Cowbert (talk) 01:54, 2 May 2008 (UTC)

[edit] Downsides

Seem like good points, but should be written in 3rd person, and should be sourced! —Dfass 05:48, 24 December 2006 (UTC)

I agree. It is self-referential (referring to a previous version of the same article) in a way that is inappropriate. It also seems that many of the points are already discussed in other sections, and the information in this section could be integrated there. Nimrand 21:04, 1 June 2007 (UTC)


The drawback number 2 (scalability for large datasets) can be greatly improved by using 2 queries for retrieving the data.

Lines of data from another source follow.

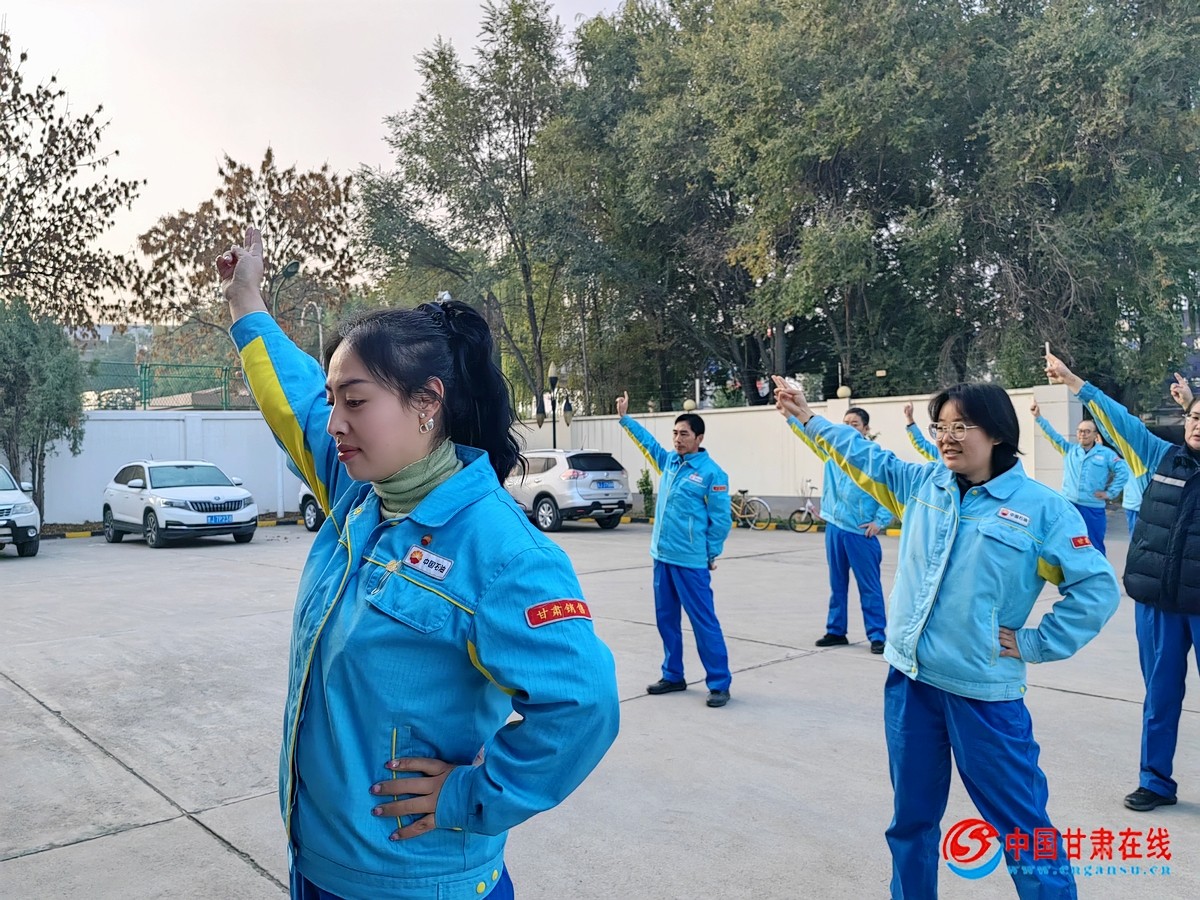 每天交接班晨会后,全员工积极参与迅速集合,当工间操的音乐响起,原本安静的场地瞬间热闹起来。广场舞的旋律充满活力,能驱散工作带来的疲惫。抬手、转体、踢腿,动作虽不似专业舞者那般精湛,但每一个姿态都饱含热情。身体在有节奏的运动中舒展开来,长期因工作而紧绷的肌肉得到了舒缓,久坐或久站带来的不适也在舞步中渐渐减轻。
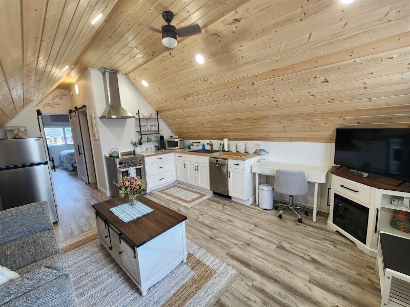 Our beautiful fully renovated condo is available for short term monthly and is fully furnished. It is above our rental office right here in downtown Ocean Shores. This is the perfect set up for a traveling nurse or a single person transitioning into a new home.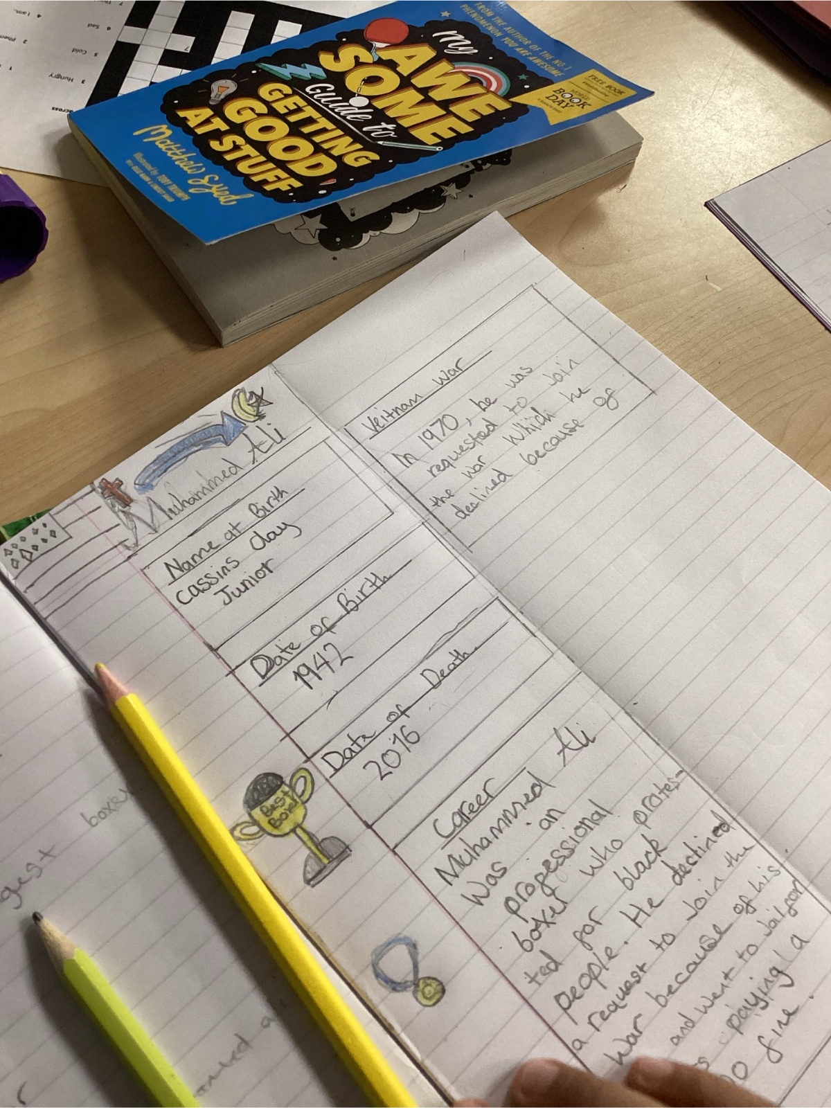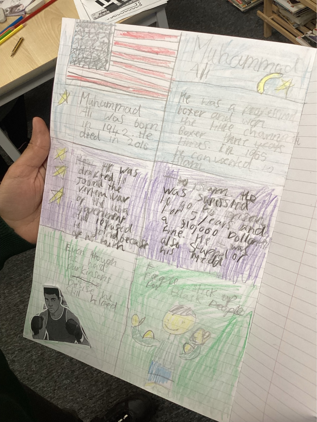 In Year 5 we have been learning about black history, especially the work and life of Muhammad Ali.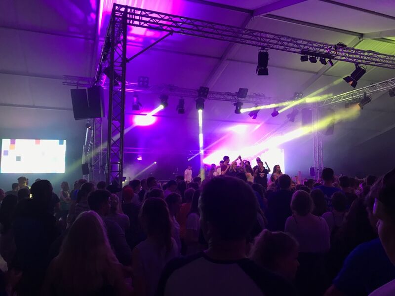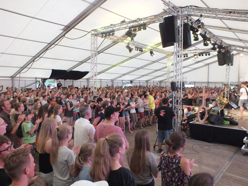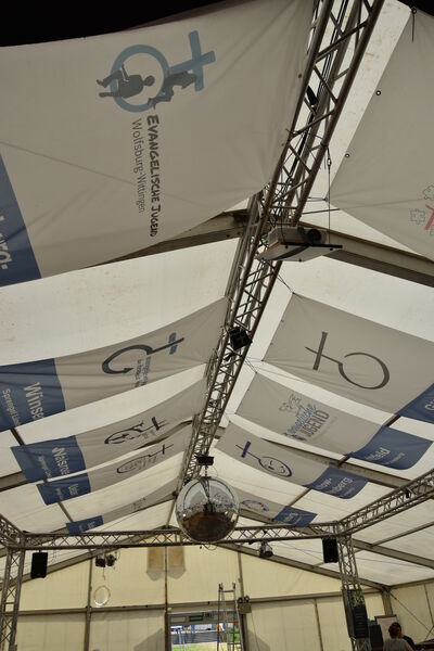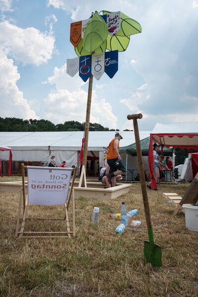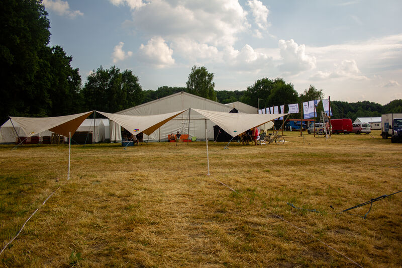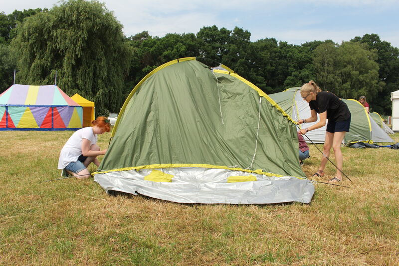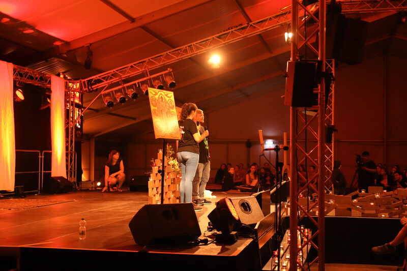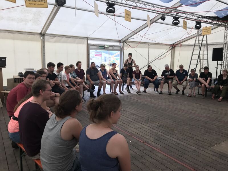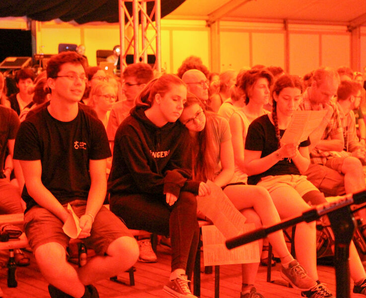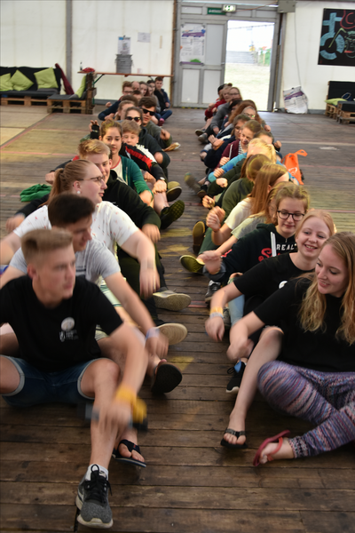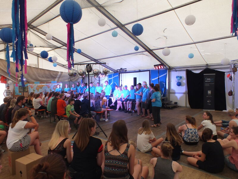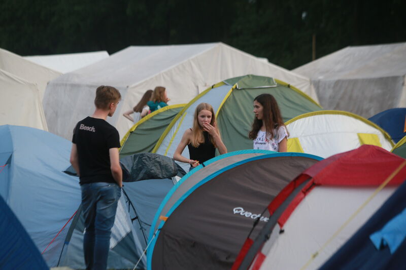 Das Camp wurde vorher von dem so genannten Vorcamp fleißig aufgebaut so dass mit der Ankunft der Teilnehmer alles los gehen konnte. Als erstes bekamen wir alle unsere Festivalbändchen und konnten anschließend unsere Zelte beziehen. Als alle ihren Platz gefunden hatten, gab es ein kurzes einfaches Abendbrot, wo die ersten wichtigen Informationen für das Wochenende geklärt wurden. Um 19:30 Uhr gab es dann im Großzelt die offizielle Eröffnung des diesjährigen Camp. Im Anschluss darauf gab es die Möglichkeit das Campgelände zu erkunden und in den unterschiedlichen Sprengeln die unterschiedlichen Angebote wie die Silentparty im Sprengel Stade oder die Disco in unserem Lüneburger Sprengel auszuprobieren. Um 23:00 Uhr herrschte im Großzelt eine ruhige Atmosphäre. Der Taizè Gottesdienst fand statt und lockte vorallem die, die bereits in Taizè waren an.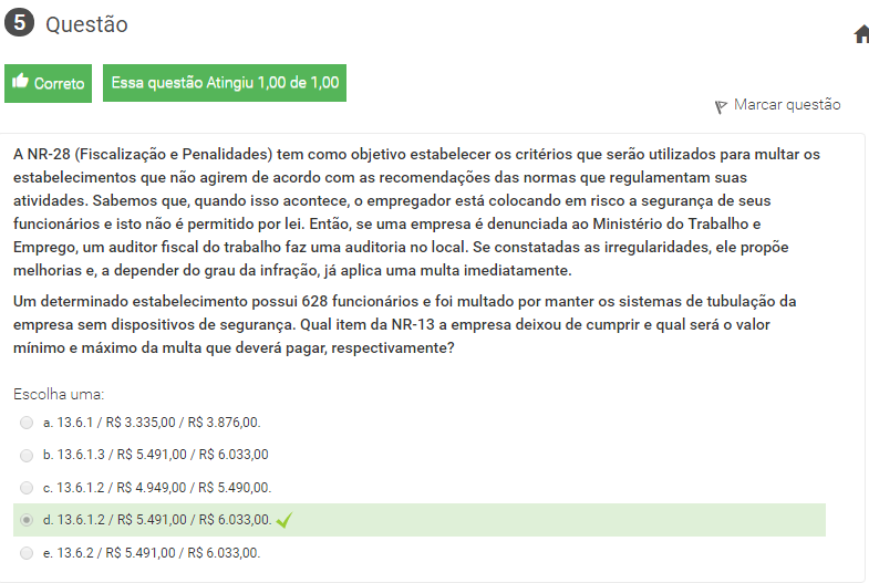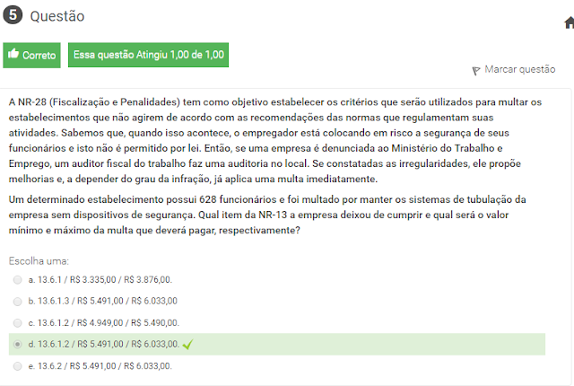 5 A NR-28 (Fiscalização e Penalidades) tem como objetivo estabelecer os critérios que serão utilizados para multar os estabelecimentos que não agirem de acordo com as recomendações das normas que regulamentam suas atividades. Sabemos que, quando isso acontece, o empregador está colocando em risco a segurança de seus funcionários e isto não é permitido por lei. Então, se uma empresa é denunciada ao Ministério do Trabalho e Emprego, um auditor fiscal do trabalho faz uma auditoria no local. Se constatadas as irregularidades, ele propõe melhorias e, a depender do grau da infração, já aplica uma multa imediatamente.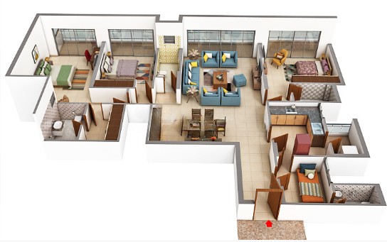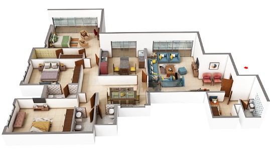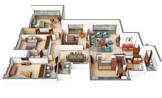 • Bedrooms: Wood laminate flooring or vitrified tiles.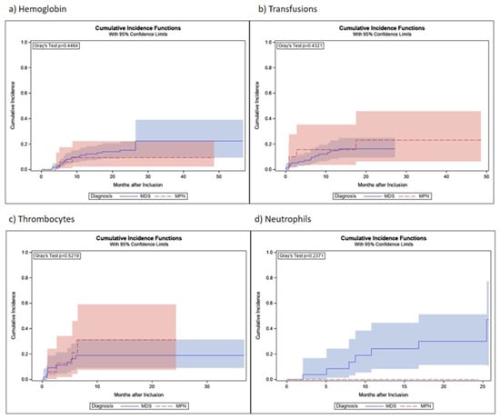 Changes in blood parameters were estimated based on mixed linear models using the time as independent variable and the patient as random. Cumulative incidence at 24 months for hemoglobin response was 15.2% (95% CI: 9.6–22.0%) for MDS patients and 9.3% (95% CI: 2.3–22.4%) for MPN patients with increasing mean hemoglobin values from 8.3 (95% CI: 8.2–8.5) to 8.9 (95% CI: 8.5–9.2) g/dL for MDS patients and from 8.3 (95% CI: 8.0–8.7) to 8.9 (95% CI: 8.4–9.3) g/dL for MPN patients. Cumulative incidence at 24 months for transfusion response was 16.3% (95% CI: 9.4–24.8%) for MDS patients and 23.1% (95% CI: 6.4–45.9%) for MPN patients. Mean platelet values decreased from 145.4 (95% CI: 127–166) to 103.4 (95% CI: 85–125) × 103/µL for MDS patients and from 112.7 (95% CI: 84–151) to 80.2 (95% CI: 58–111) × 103/µL for MPN patients. Nonetheless, 24-month cumulative incidences of platelet response were 18.9% (95% CI: 9.1–31.5%) for MDS patients and 31.2% (95% CI: 7.6–59.1%) for MPN patients. Cumulative incidence at 24 months for neutrophil response was 30.0% (95% CI: 11.4–51.3%) for MDS patients, while none was observed in the MPN patients, with mean neutrophil values that increased from 3.0 (95% CI: 2.8–3.3) to 3.4 (95% CI: 2.9–3.9) × 103/µL for MDS patients, and from 5.3 (95% CI: 4.3–6.5) to 5.9 (95% CI: 4.7–7.5) × 103/µL for MPN patients (Table 6). Cumulative incidences of hematological responses, as well as cumulative incidence curves regarding time to hematological response, are shown in Table 6 and Figure 3. We observed 30 responses regarding hemoglobin, of which 6 were lost during the observation time. Eight out of 19 patients who showed transfusion response lost that response during the course of the study, while 3 out of 13 patients lost their response regarding transfusions. All patients who showed neutrophil response maintained that response until the end of the observational period.

  • 1st is for filtering and sorting the records, here you would self join ONLY attributes that are used in filters and order by. Ordered result of this query creates empty array with placeholders for entities.
  • 2nd is regular SELECT (or UNION when attributes are splited to few tables by type) that is filtered by entity id, which were received from 1st query. Result from this query is being fetched into array created by 1st query, which makes the result correctly sorted.

[edit] Accuracy of this article

The article makes a lot of unsubstantiated claims (which may or may not be true), many of which seem to stem from the desire to constantly compare EAV to traditional/flat/SQL databases. We can leave them tagged as {{fact}} for a while, but there's a lot of it and I was hoping someone would provide sources or just remove it.

Perhaps we could split the article into an article about EAV, and a separate article comparing it to other models. In other words, we might consider separating the factual and useful information about EAV from the subjective and oft-disputed comparisons to other models.